• **Collected material**
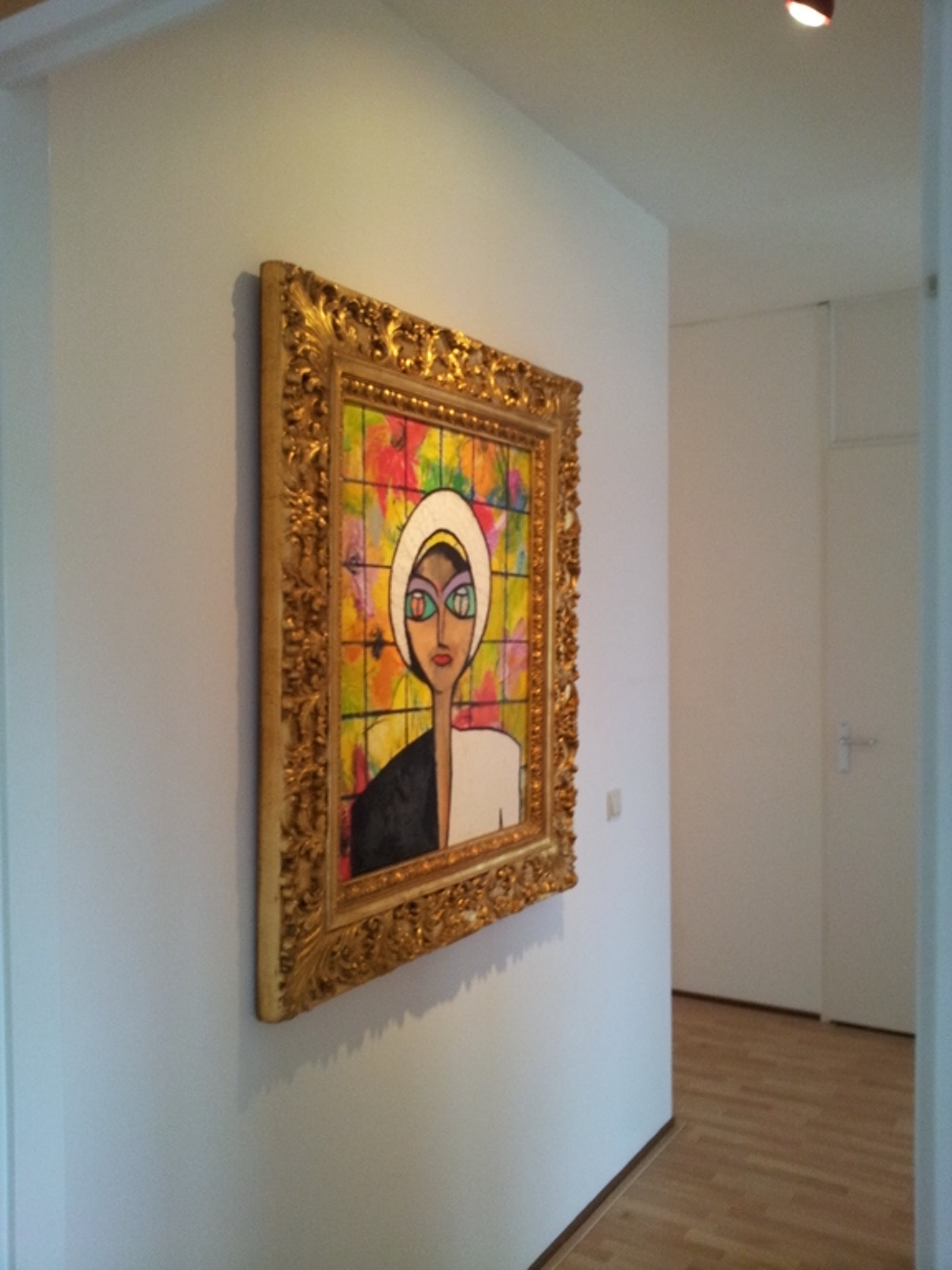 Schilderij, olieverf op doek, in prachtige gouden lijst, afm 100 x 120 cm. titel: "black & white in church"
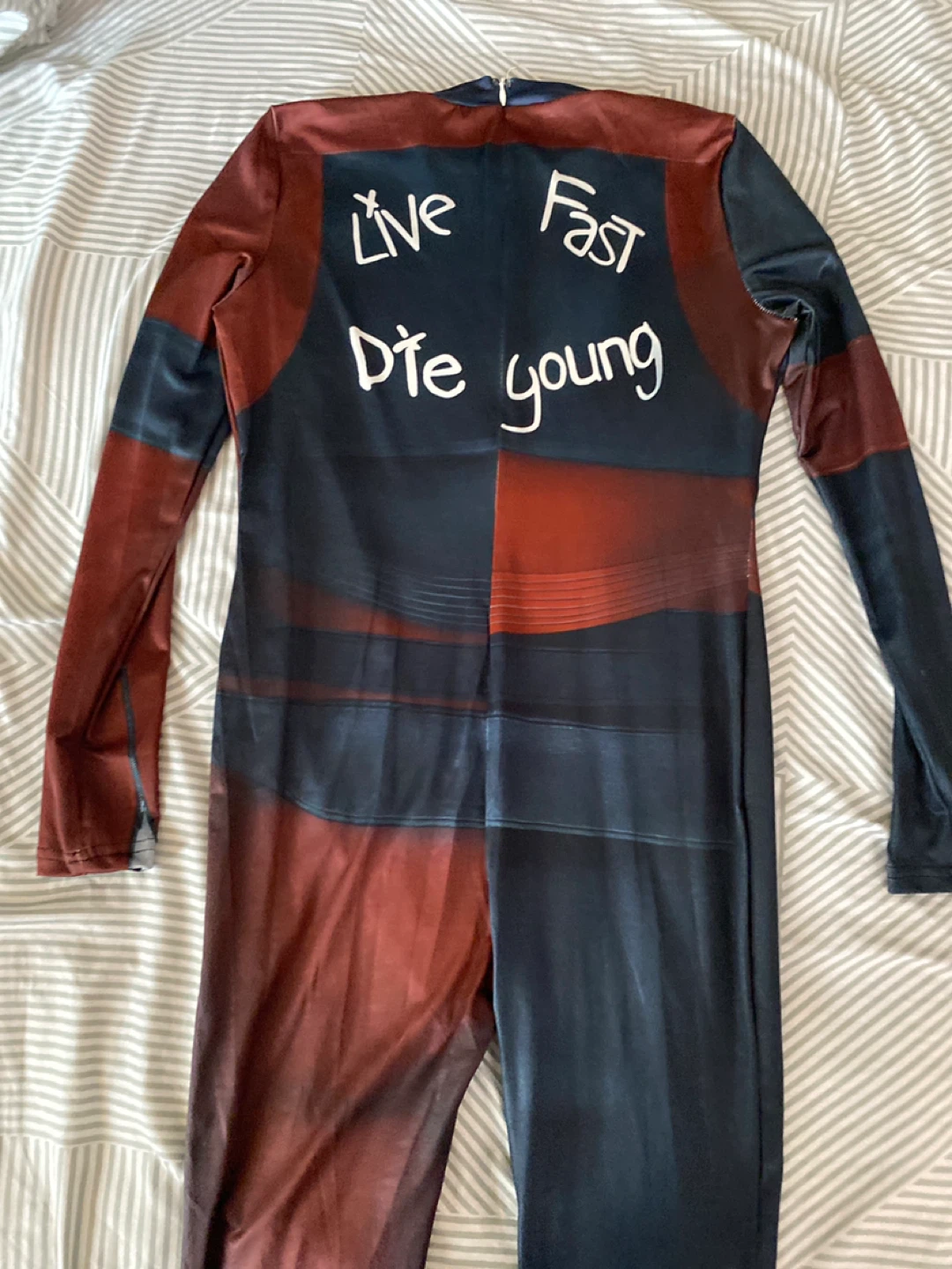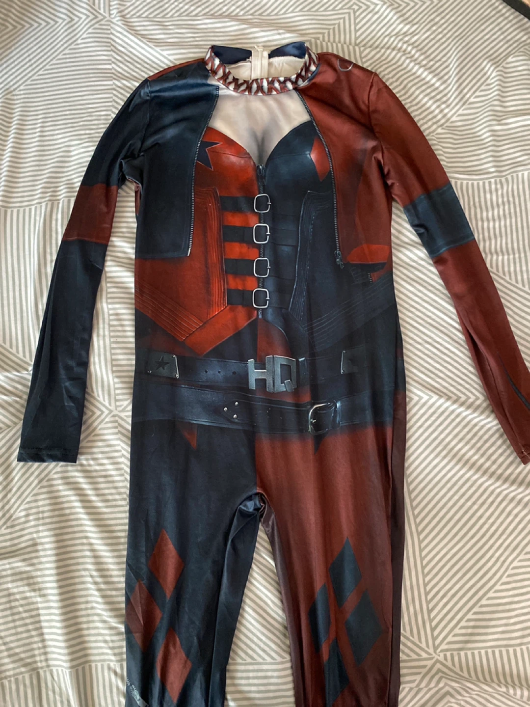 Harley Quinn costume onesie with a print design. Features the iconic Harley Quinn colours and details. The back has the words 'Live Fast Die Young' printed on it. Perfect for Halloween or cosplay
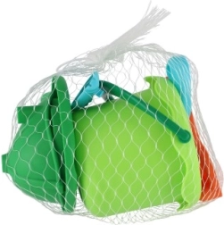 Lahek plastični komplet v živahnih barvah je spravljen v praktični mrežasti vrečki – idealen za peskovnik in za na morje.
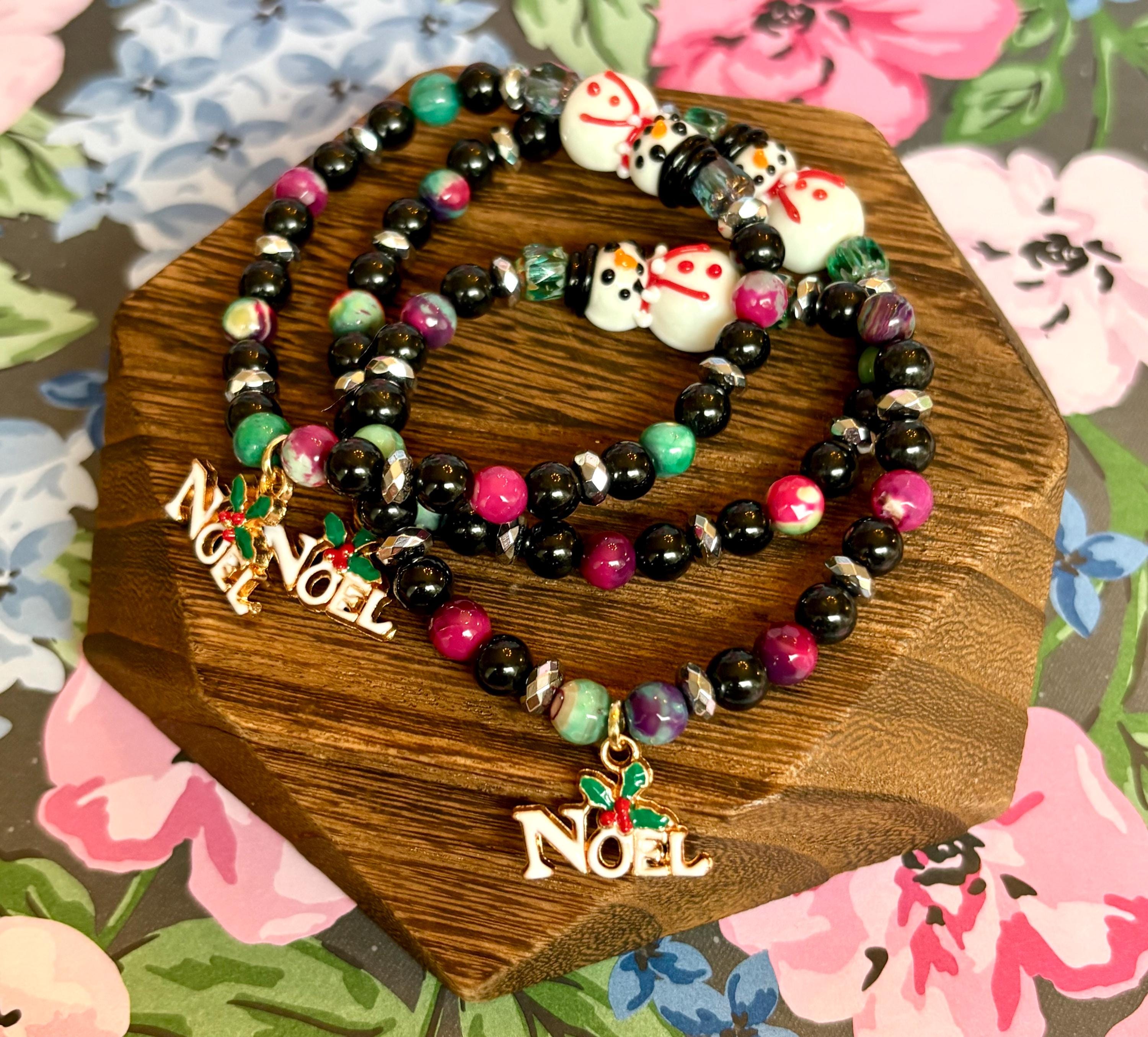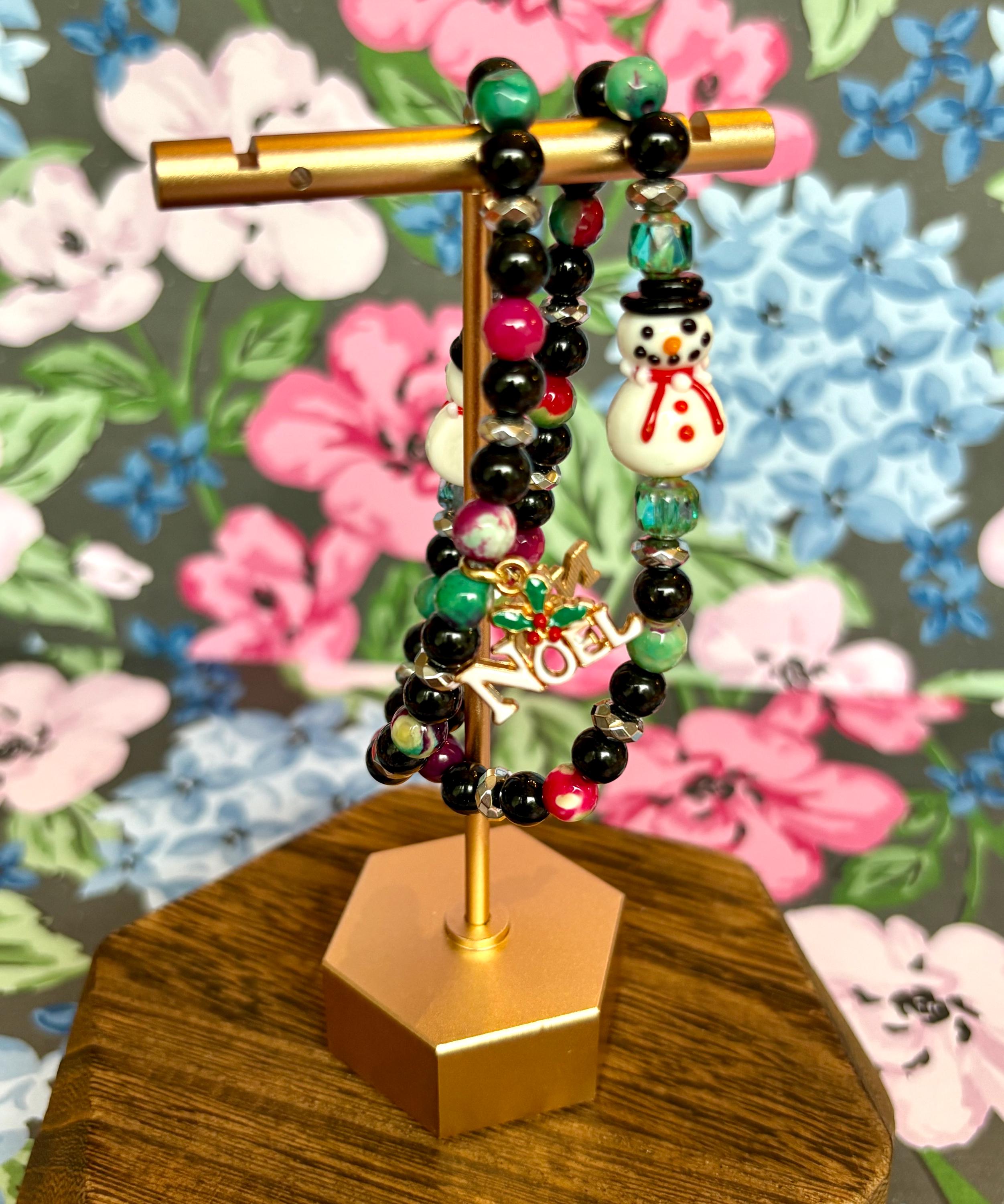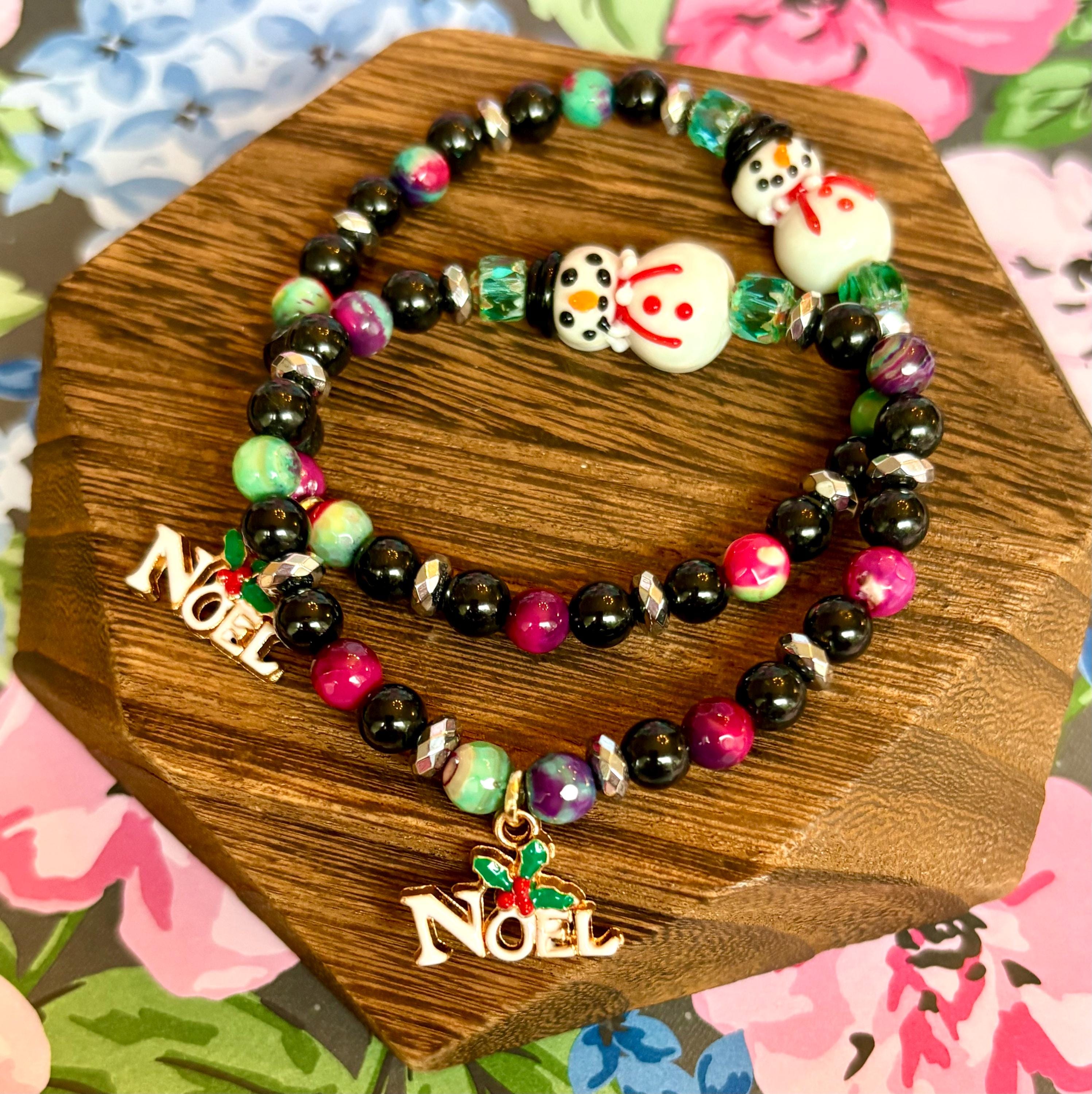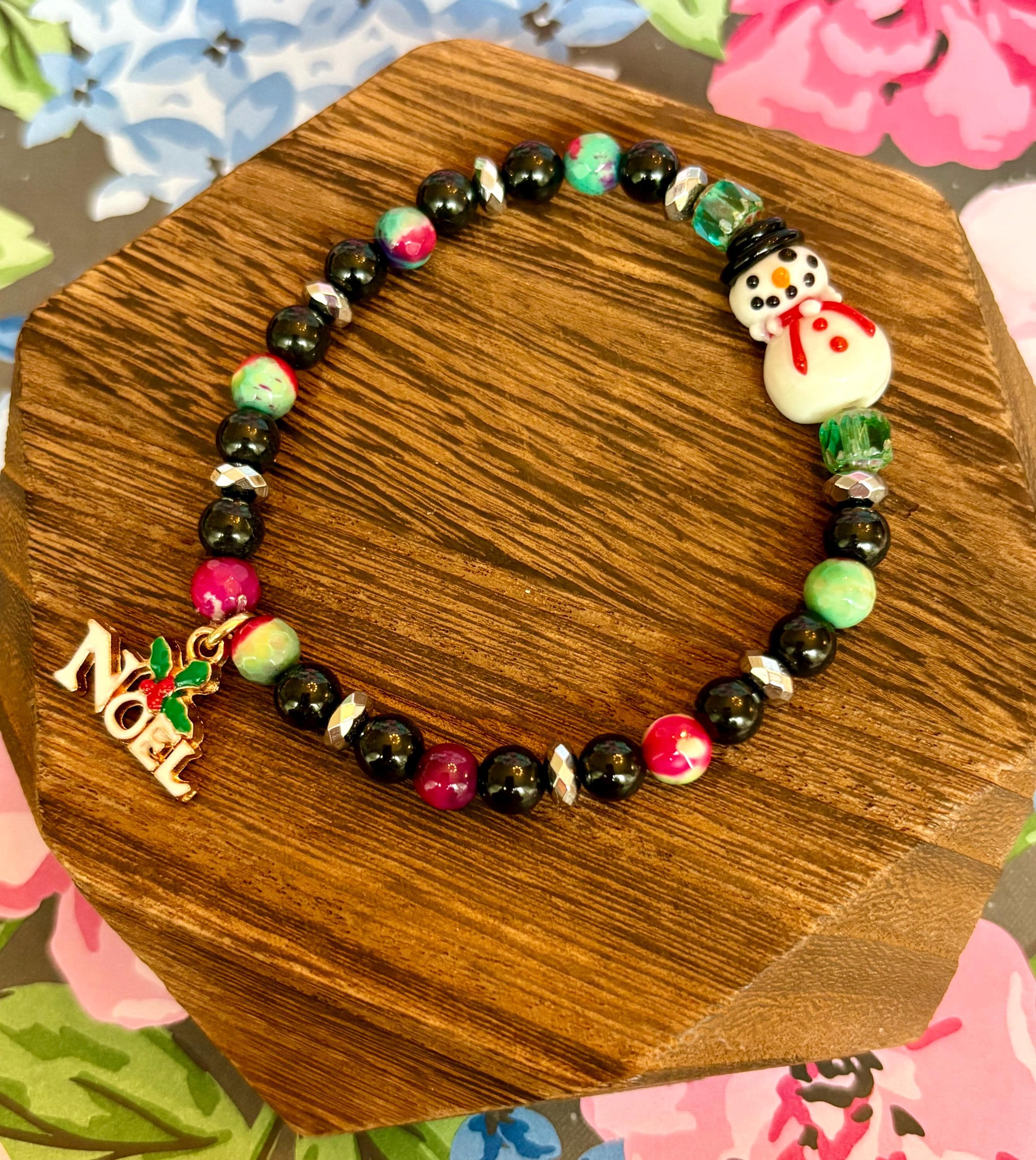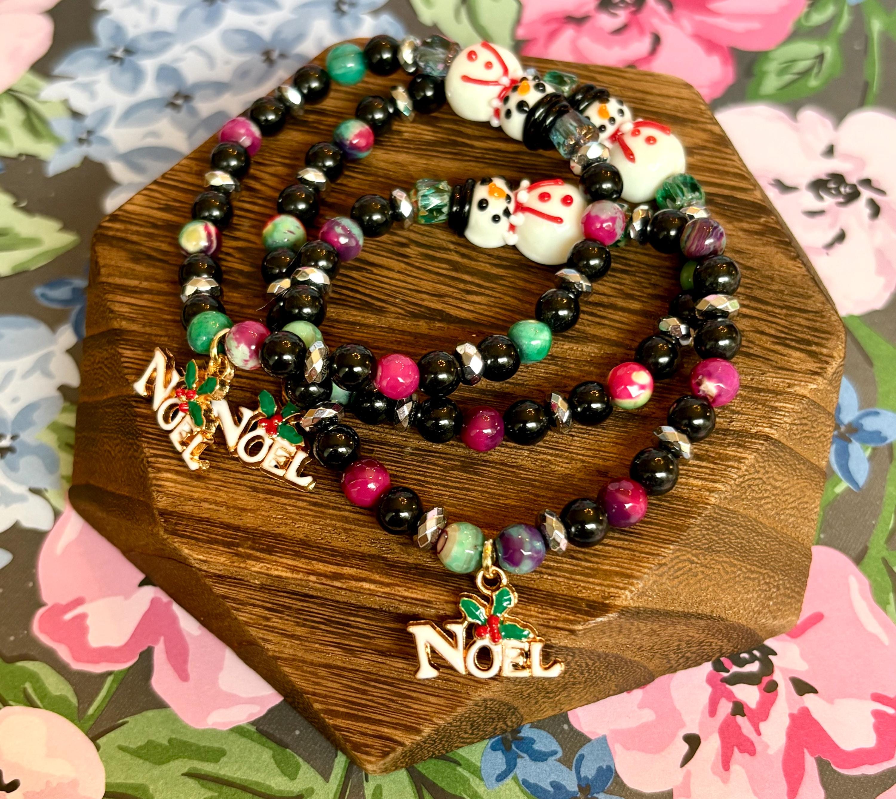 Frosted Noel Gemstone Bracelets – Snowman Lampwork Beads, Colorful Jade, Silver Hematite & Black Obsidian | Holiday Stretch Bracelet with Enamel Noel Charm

• **What to produce**
Now repeat exactly the lines from the one with "Harley Quinn costume" through the end of the listing above, both included, omitting all pictures.

• **Your solution**
 Harley Quinn costume onesie with a print design. Features the iconic Harley Quinn colours and details. The back has the words 'Live Fast Die Young' printed on it. Perfect for Halloween or cosplay
 Lahek plastični komplet v živahnih barvah je spravljen v praktični mrežasti vrečki – idealen za peskovnik in za na morje.
 Frosted Noel Gemstone Bracelets – Snowman Lampwork Beads, Colorful Jade, Silver Hematite & Black Obsidian | Holiday Stretch Bracelet with Enamel Noel Charm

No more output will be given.